Yes, it was a bit of an anticlimax. I got stuck on this for a while because openssl kept choking on the private key.

We know prime1 is bogus because it's even. But if we assume the modulus value to be correct, then we can calculate the "proper" value of prime1 as (modulus / prime2). This turns out to be very close to the value of prime2:

(bc:)
prime1a = modulus / prime2
prime1a
77772E776874736973696C67756F656374737265687372692E656F63752E2F6B6C62\
74656863656C207920202020202020202020202020202020202120200A7F


Both prime1a and prime2 are probable primes according to GMP, which is encouraging.

And apparently the original (i.e., faked) value of prime1 is {modulus - prime1a - prime2 + 1)

(bc:)
prime1 - (modulus - prime1a - prime2)
1


My hunch is that the repeating patterns followed by 'random' bytes in the exponent values are just a reflection of the repeated 0x20 bytes in the two primes (followed by the additional digits needed to make them prime).

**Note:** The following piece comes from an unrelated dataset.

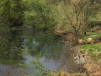 The 5.5 hectare (ha) conservation area is located southeast of Wernau at an elevation of 310 to 320 meters above sea level and belongs to the nature preserve area of Schlierbacher Platte in the central foreland area of the Swabian Jura mountains. It is classified as a secondary biotope (it was not formed naturally, but from a man-made biotope) with an advanced ecological succession containing wet and dry areas, slopes and water surfaces.[2] The former clay pit is ecologically a very valuable, re-naturalized, near-urban area.
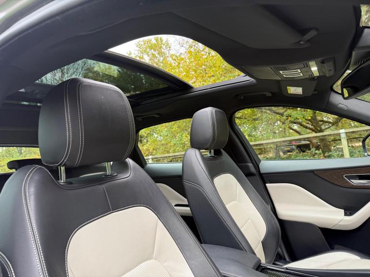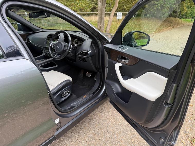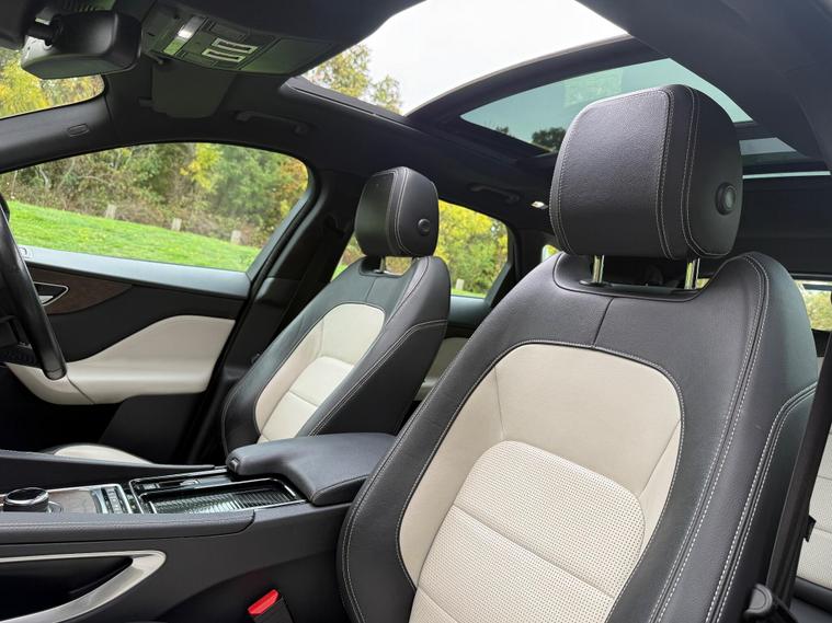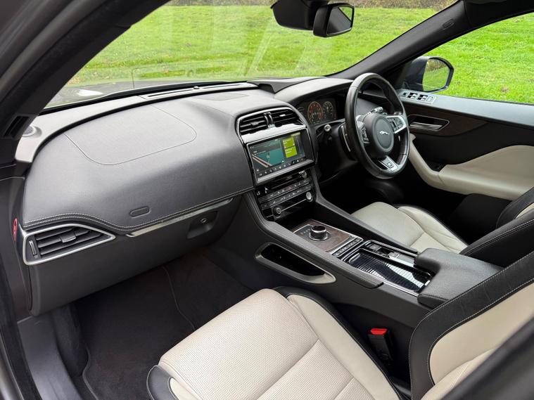 This 2018 Jaguar F-PACE P300 R-Sport is a superb example, having been cherished by just one owner since new. As a Euro 6 compliant model, it features a potent 2.0 litre petrol engine paired with a smooth Four Wheel Drive system, ensuring confident performance in all conditions. The R-Sport trim level is enhanced by the desirable Black Pack, giving it a striking visual presence, complemented by stylish 19 inch Gloss Black alloy wheels. Inside, you'll find a spacious cabin, a large boot perfect for luggage or shopping, and the impressive Head Up Display Pack for effortless information access.Experience exhilarating performance with this F-PACE, capable of accelerating from 0 to 60mph in a swift 5.7 seconds, a testament to its dynamic capabilities. The inclusion of a Sliding Panoramic Roof, complete with an opening sunroof, floods the interior with light, creating an airy and inviting atmosphere. Furthermore, the Surround Camera System offers a 360 degree view, making parking and manoeuvring in tight spaces remarkably easy. With a substantial towing weight of 2400 kg, this Jaguar F-PACE P300 R-Sport is as practical as it is stylish, offering a superior driving experience..

John Graham-Cumming said...

Phil:

That makes a lot of sense. So the GCHQ folks probably encoded the URL in a 512 bit number and then found two primes that were close to it (prime1a and prime2) and got the modulus from it.

They then decided to mess with prime1 to break the key itself so that OpenSSL etc. couldn't read it. Since modulus, prime1a and prime2 are all odd the +1 makes sense because it makes prime1 even (i.e. definitely not prime)

That also, as you say, explains the repeated patterns appearing in the modulus (artifact of multiplication).

Also if you calculate the totient value from prime1a and prime2 then you find that the privateExponent in the RSA key file is good (i.e. privateExponent * publicExponent mod totient = 1). Further evidence of the validity of your prime1a.

And, further, the values for exponent1 and exponent2 have patterns (as you suggest) because they are the remainder after doing mod prime1a-1 and prime2-1. I've checked them and that's where the pattern comes from.

So, I think this gets to the bottom of it. Thanks for the comment!

That only leaves me wondering why they set prime1 to modulus - prime1a - prime2 + 1.